Fã do cinema italiano, Kusturica escalou alguns filmes de lá para Künstendorf, sempre antenado com a discussão existencial de ser (ou não) parte de um grupo, de uma pátria, de um mesmo quinhão da História.

É o que justifica a escolha do épico bélico "Comandante", para uma projeção em telas sérvias nesta quarta. Exibido na abertura do Festival de Veneza, o longa de Edoardo de Angelis (do premiado "Indivisibili") recria a II Guerra Mundial sob os códigos de um filão de gênero que é um imã de sucesso, vide "Maré Vermelha" (1995) e "A Caçada ao Outubro Vermelho" (1990): os filmes de submarino. Mas seu maior chamariz é a escolha de um dos astros de maior talento e popularidade da Itália hoje: o romano Pierfrancesco Favino. Cabe a ele dar vida ao oficial militar Salvatore Todaro (1908-1942), famoso por seu humanismo no mar.

Filmes como o de Edorado e "Disco Boy" resgatam uma tradição cinematográfica que mudou o século XX, a partir do neorrealismo, com "Roma, Cidade Aberta" (1945). A partir dali, a Itália guiou os rumos da autoralidade audiovisual até uma derrocada de sua produtividade, nos anos 1990, motivada por problemas políticos.

"Dos mestres italianos, Michelangelo Antonioni foi importante pra mim", disse Abbruzzese ao Correio. "Eu tenho mais conexão com o cinema político feito nos anos 1960 e 70 do que com o de hoje.
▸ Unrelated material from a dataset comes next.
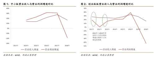 如圖8和圖10所示,2011年,創(chuàng)業(yè)板的營收增速與營業(yè)利潤增速出現(xiàn)顯著背離,然后在2013年又出現(xiàn)了反向背離,當時營業(yè)收入增速平穩(wěn),但營業(yè)利潤增速快速上行,從而帶來了一輪轟轟烈烈的創(chuàng)業(yè)板牛市。在目前中小創(chuàng)營收仍然穩(wěn)健增長的狀況下,其歸母凈利潤增速將在2019年獲得明顯改善,這就使得創(chuàng)業(yè)板的表現(xiàn)很可能是一個弱化版的2013年。

Esse cinema do passado tinha ambições de reescrever o imaginário e de reinventar o mundo mesmo seguindo trilhas narrativas nas quais o essencial era contar bem uma boa história. Dos anos 2000 para cá, o uso da câmera na mão, a redução da paleta de cor e a aposta na hegemonia do discurso sobre a trama tirou do cinema a habilidade de criar personagens que sejam maiores do que a vida. Godard dizia que é preciso ser político já no set. isso deve ser lembrado".

Vai ter competição em Küstendorf. A seleção competitiva oficial deste ano reúne uma série de curtas-metragens de diferentes cantos do planeta. Kusturica conduz o evento até a madrugada do dia 28.